▶ WHAT IS EXPECTED
Set down the lines that begin at the top of the records and end with the line containing "Наконец, нажмите и", and drop every picture.

Records from a collection:
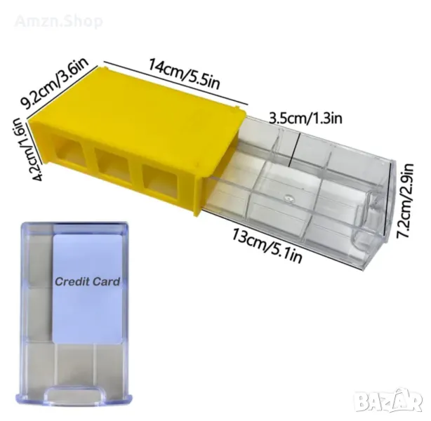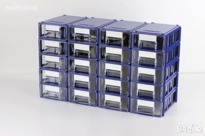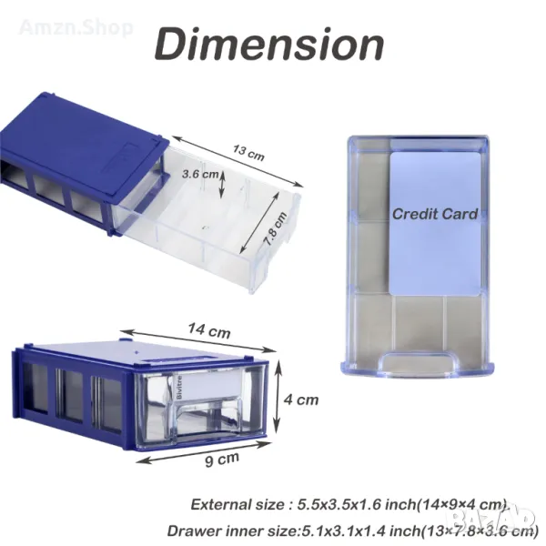 Външен размер на всяка кутия с малки пластмасови чекмеджета: 5,5x3,5x1,6 инча (14x9x4 см). Вътрешен размер на чекмеджето: 5.1x3.1x1.4 инча (13x7.8x3.6 cm).
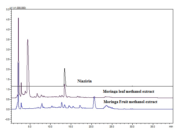 The niazirin content was found to be 1.14% w/w, 1.1 and 1.0% w/w in final blend extract, leaf methanol extract and fruit methanol extract respectively. The HPLC chromatograms of M. oleifera extracts and standard is shown in fig. 1
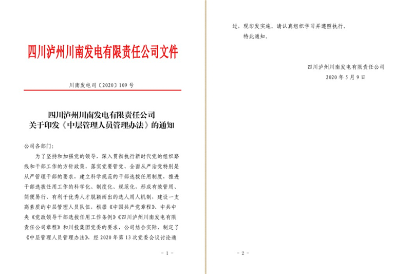 為嚴(yán)格中層干部選拔任用管理工作,公司從資格條件、選任方式和程序、教育管理、退出管理、回避和交流、紀(jì)律與監(jiān)督等方面明確了中層管理人員選拔任用的基本原則、基本條件和選拔任用程序,細(xì)化了中層管理人員管理的主要內(nèi)容,嚴(yán)明了選拔任用工作的紀(jì)律規(guī)定。為強(qiáng)化公司中層管理人員管理工作,建立對黨忠誠、勤政務(wù)實(shí)、勇于創(chuàng)新、清正廉潔的中層管理人員隊(duì)伍,推動公司生產(chǎn)經(jīng)營再上新臺階打下了堅(jiān)實(shí)基礎(chǔ)。
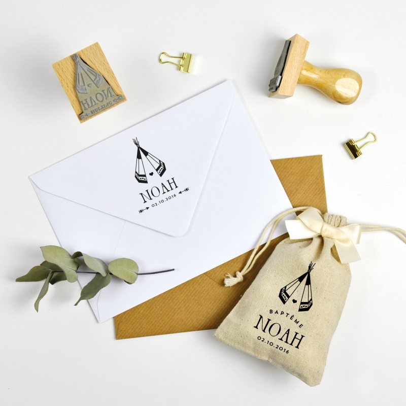 Annoncez la naissance de votre enfant avec cette mignonnerie : un tampon naissance personnalisé et illustré d’un joli tipi bohème. Idéal pour ajouter une touche graphique sur les enveloppes contenants vos faire-part, il peut également servir pour marquer les habits de bébé avec un encreur textile.
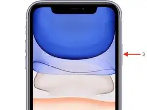 Наконец, нажмите и удерживайте боковую кнопку (3), пока не появится логотип Apple, а затем отпустите.
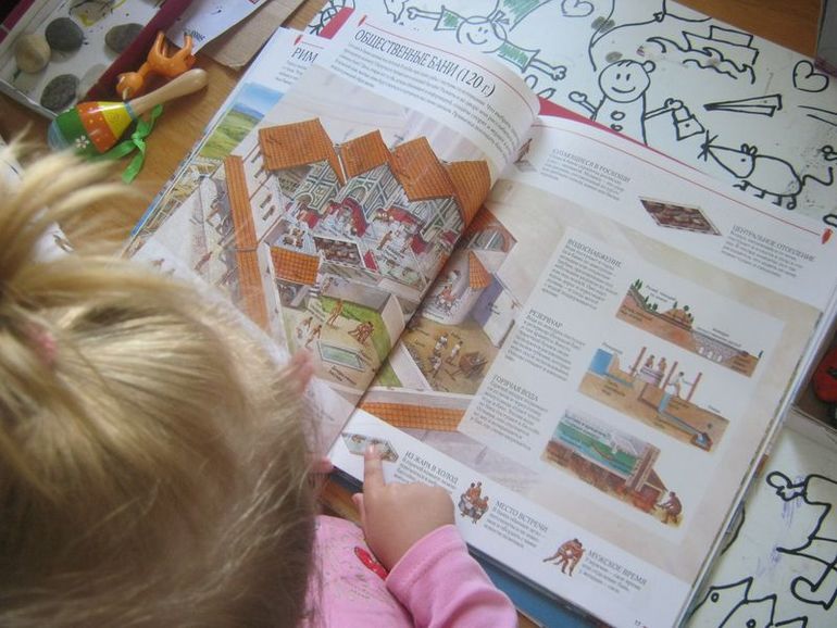 Книгу я пока рассматриваю сама, вспоминаю свое увлечение историей и те, другие энциклопедии, которые я когда-то видела. Нигде такого не встречала, что историю можно рассматривать и в разрезе зданий. Видно, я в детстве не начиталась и не насмотрелась, если могу взять с детской полки эту книгу и периодически перелистывать. Это просто находка для всех любителей истории, ведь прекрасно известно, что многие наши увлечения идут именно с детства. Мои детские часы, проведенные за разглядыванием подобных энциклопедий, вылились в детальное изучение истории родной страны, конкретно периода ВкЛ. Но ТАКОЙ книги у меня, конечно, не было. Так что по-хорошему завидую всем деткам, кто начнет свое увлекательное историческое путешествие именно с этой книжки. Один разворот вполне заменит раздел учебника по истории. Достаточно только рассматривать картинки и читать подписи к ним. Это интересно, увлекательно и познавательно! Действительно, книгу можно рассматривать часами.
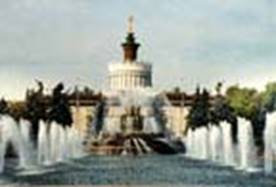 Из центрального павильона мы выйдем на площадь Дружбы народов , которую украшает фонтан «Дружба народов» , сооруженный по проекту Г.Д. Константиновского и К.Т. Топуридзе. Позолоченные бронзовые фигуры девушек с дарами земли в руках символизируют дружную семью советских республик. Каждую секунду фонтан выбрасывает в воздух более тонны воды на высоту восьмиэтажного дома. Своеобразная экспозиция по истории советской архитектуры – ансамбль площади Дружбы народов. Его составляют павильоны, построенные в разное время, отразившие как различные направления советской архитектуры, так и национальные стили.

▶ REPLY TO THE TASK
 Външен размер на всяка кутия с малки пластмасови чекмеджета: 5,5x3,5x1,6 инча (14x9x4 см). Вътрешен размер на чекмеджето: 5.1x3.1x1.4 инча (13x7.8x3.6 cm).
 The niazirin content was found to be 1.14% w/w, 1.1 and 1.0% w/w in final blend extract, leaf methanol extract and fruit methanol extract respectively. The HPLC chromatograms of M. oleifera extracts and standard is shown in fig. 1
 為嚴(yán)格中層干部選拔任用管理工作,公司從資格條件、選任方式和程序、教育管理、退出管理、回避和交流、紀(jì)律與監(jiān)督等方面明確了中層管理人員選拔任用的基本原則、基本條件和選拔任用程序,細(xì)化了中層管理人員管理的主要內(nèi)容,嚴(yán)明了選拔任用工作的紀(jì)律規(guī)定。為強(qiáng)化公司中層管理人員管理工作,建立對黨忠誠、勤政務(wù)實(shí)、勇于創(chuàng)新、清正廉潔的中層管理人員隊(duì)伍,推動公司生產(chǎn)經(jīng)營再上新臺階打下了堅(jiān)實(shí)基礎(chǔ)。
 Annoncez la naissance de votre enfant avec cette mignonnerie : un tampon naissance personnalisé et illustré d’un joli tipi bohème. Idéal pour ajouter une touche graphique sur les enveloppes contenants vos faire-part, il peut également servir pour marquer les habits de bébé avec un encreur textile.
 Наконец, нажмите и удерживайте боковую кнопку (3), пока не появится логотип Apple, а затем отпустите.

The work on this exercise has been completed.